Skipping all pictures, print exactly the lines below from the one with "Serce z wygrawerowanym" through the final line.

===== Dataset section

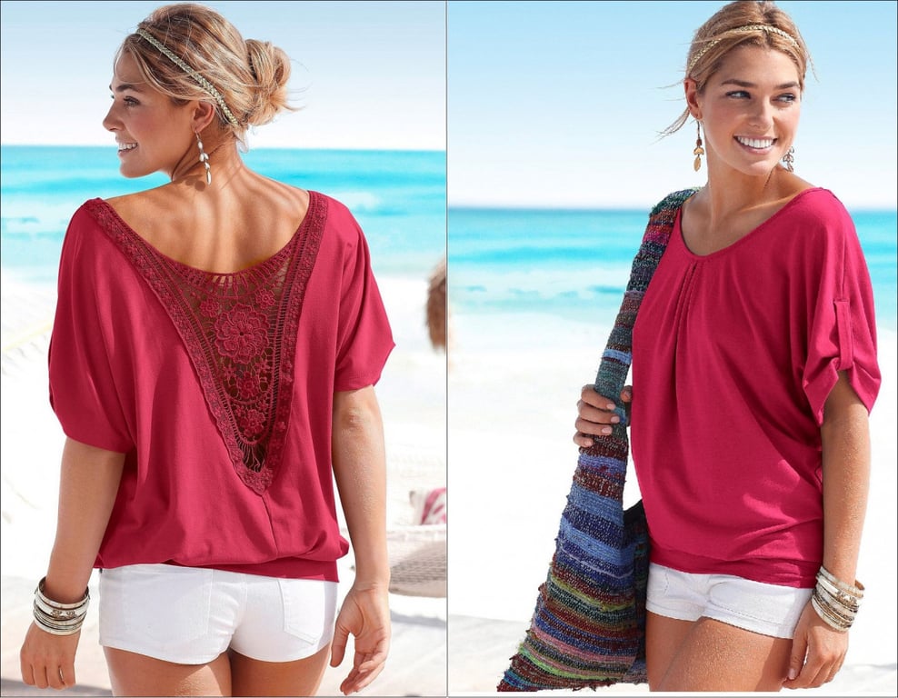 Blusa de mujer con encaje en la espalda – roja
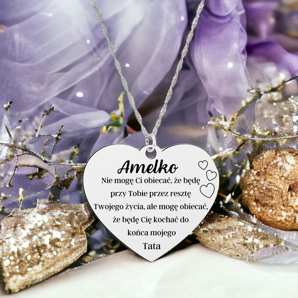 Serce z wygrawerowanym tekstem, zawieszone na pięknym łańcuszku o niezwykle kobiecym splocie.
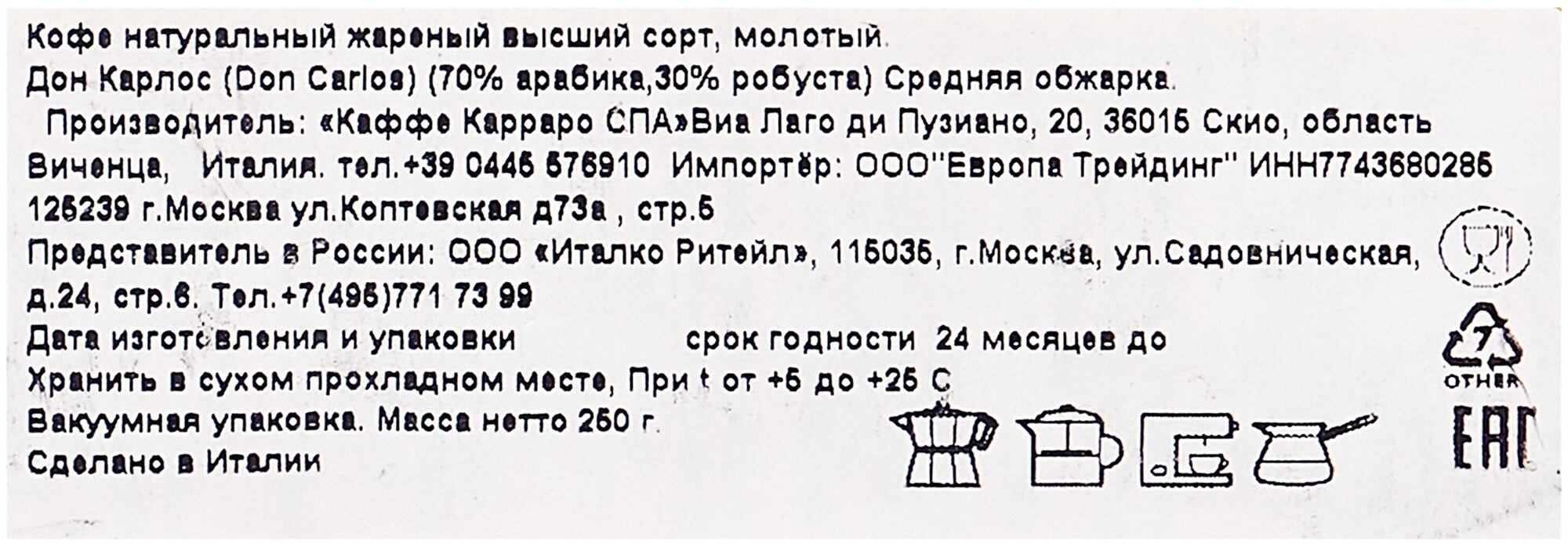 Кофе молотый Carraro Don Carlos, 250 г, вакуумная упаковка
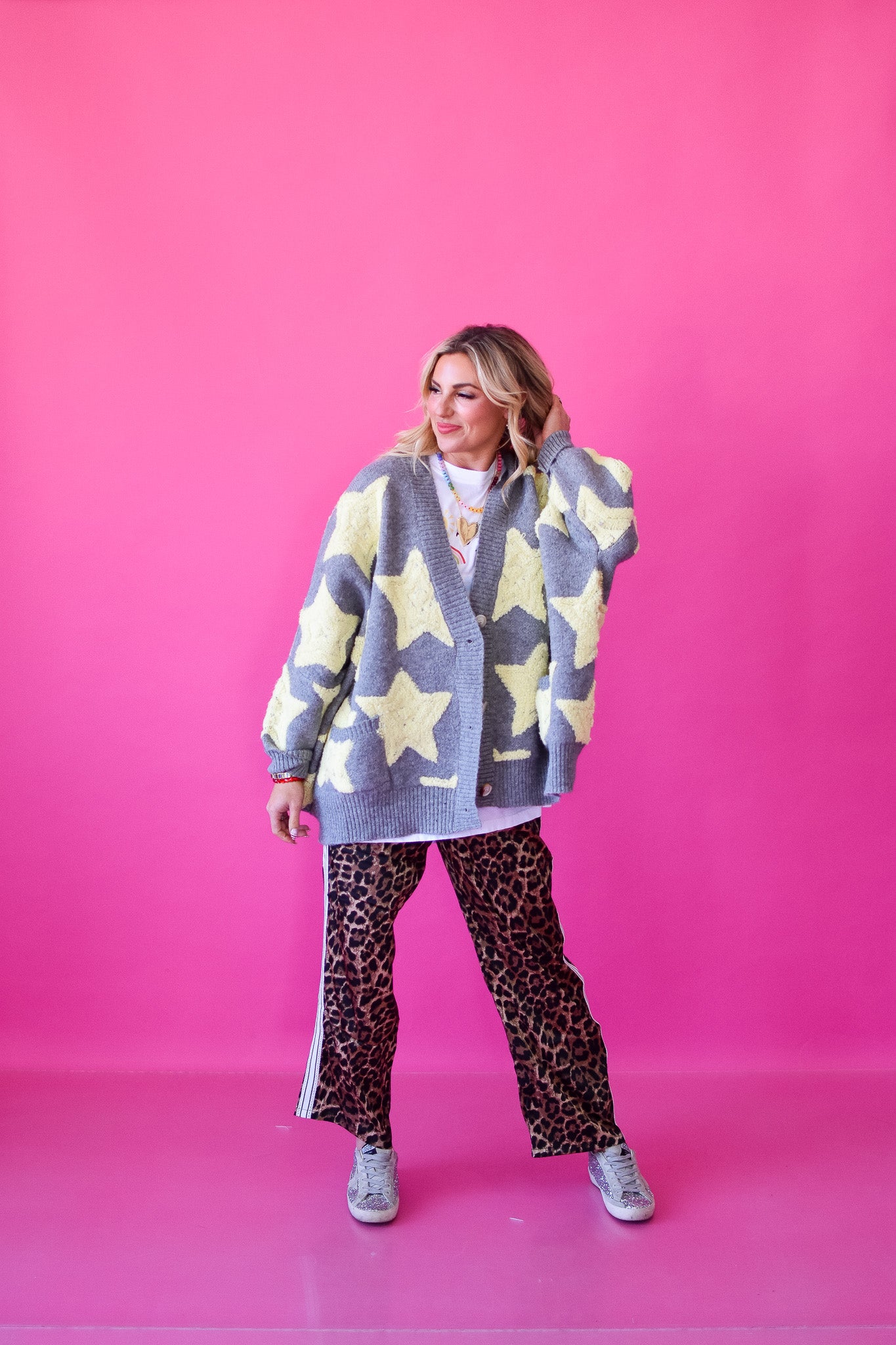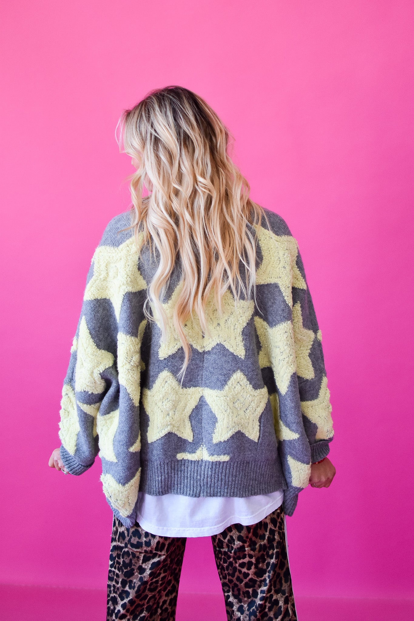 Meet your new favorite layering piece—the Taryn Star Cardigan. Oversized and impossibly cozy, this button-up cardigan pairs a soft grey base with cheerful butter yellow stars that instantly brighten any outfit. Throw it on over a simple tee, wear it solo, or style it however you want. It's the kind of cardigan that makes getting dressed feel fun and effortless.

==========

Result:
 Serce z wygrawerowanym tekstem, zawieszone na pięknym łańcuszku o niezwykle kobiecym splocie.
 Кофе молотый Carraro Don Carlos, 250 г, вакуумная упаковка
 Meet your new favorite layering piece—the Taryn Star Cardigan. Oversized and impossibly cozy, this button-up cardigan pairs a soft grey base with cheerful butter yellow stars that instantly brighten any outfit. Throw it on over a simple tee, wear it solo, or style it however you want. It's the kind of cardigan that makes getting dressed feel fun and effortless.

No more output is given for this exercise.